Bergoglio, muito mais antenado que os antecessores

 O papa porém com certa regularidade e constância, tem mostrado ligeira radicalidade em seus discursos, insistentemente chamando a atenção ao que ele mesmo classificou como a predominância dos "fiscais da fé", ou as figuras concentradas dentro dos recintos eclesiais que mais se preocupam com as formalidades eclesiais e obedecendo a firme posição em concordância oficial com a Igreja de condenação ao aborto, contudo, não prestando a devida assistência na fé aos que a Igreja procuram. 

 O papa chamou a atenção porém, para o fato que mesmo ocorrendo o contrário, levando-se em conta uma mãe que dá continuidade à sua gravidez, a incorreção em uma condenação discriminatória da parte da própria comunidade, ao negar o batismo de uma criança filha de uma mãe solteira - e que nas palavras do papa: "teve a coragem de continuar a gravidez" -, meramente em razão da ausência do cumprimento de um protocolo formal através do sacramento do matrimônio da mãe (onde a criança fica impedida de ser batizada), constitui como o ato que "afasta as pessoas da Igreja". Isto é, os "fiscais da fé" que fecham as portas da Igreja, justamente para as pessoas que mais precisam dela.

 Mas na noite desta segunda-feira (17), o papa ainda foi mais enfático ao exortar os católicos a serem cristãos "revolucionários" e que assim tenham a coragem de propagar e difundir o Evangelho por meio de seus testemunhos, ou seja, da própria prática da fé, e em suma, com menos discurso e mais ação. 

"Hoje um cristão, se não for revolucionário, não é cristão!" disse o papa durante o Congresso Eclesiástico da diocese de Roma.
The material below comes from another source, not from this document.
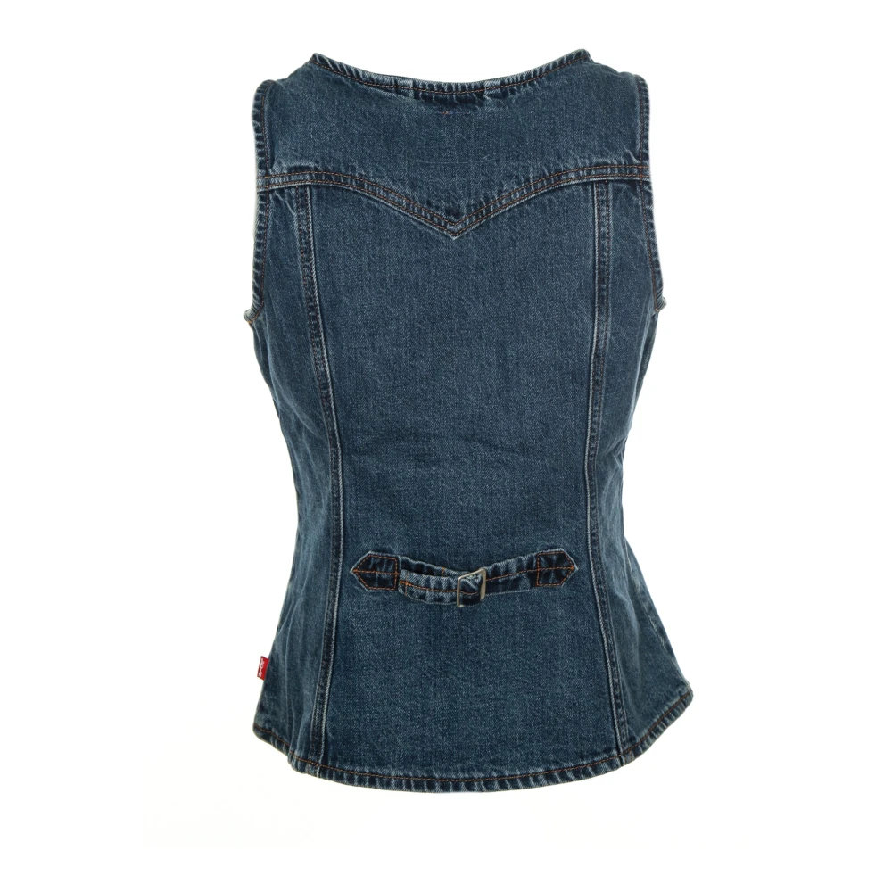 Upgrade je stijl met deze Levi's denim vest voor vrouwen. Gemaakt van zacht katoen, deze mouwloze vest heeft een V-hals in korsetstijl. Het sluit met een rij metalen knopen gegraveerd met het logo en heeft korsetnaden aan de voor- en achterkant. De verstelbare band aan de achterkant en twee nepzakken aan de voorkant voegen een vleugje stoere uitstraling toe.

E criticou o que enumerou como comunidades cristãs "fechadas" às quais certamente se referiu por conta da preocupação dessas comunidades, apenas com as "ovelhas" de seus apriscos, ao citar a passagem do Evangelho do pastor e suas 99 ovelhas e onde ele nota a falta de uma, e então começa a procurar por essa que falta. 

 Afinal o papa com tantas mensagens indutivas à evangelização de ação necessariamente parece conduzir a Igreja para uma militância religiosa, e em torno dela também, a de uma participação política e que ao mesmo tempo vem de encontro à mensagem de libertação do homem contida nos Evangelhos - mas não apenas sob o ponto de vista de seus atos pecaminosos -, como também, de sua condição de servidão humana aos caprichos e desígnios das condições econômicas impostas pelo sistema.

 Portanto, ao lembrar que em pouco mais de um mês estará no Brasil, e dada a repercussão dos protestos contra o aumento das passagens de ônibus em todo o País na imprensa mundial, o papa vai dando o tom de como será sua passagem por aqui, num claro sinal de que a Igreja moderna já devidamente reformada desde o Vaticano II, não mais se compactua com cristãos de ocasião, mas exorta e instiga os mesmos a lutarem por um mundo mais justo. 

 E mais uma vez numa referência indireta - ou quem sabe involuntária -, à Jornada Mundial da Juventude no Brasil quanto às constantes críticas recorrentes ao comportamento dos jovens, o papa brincou com aqueles que se queixam dos jovens, dizendo: "Ah, os jovens!".

 Para quem ainda acha que a Igreja precisa de reformas, o papa inspira que elas há muito já ocorreram e que o seu papel será apenas fazê-las na prática.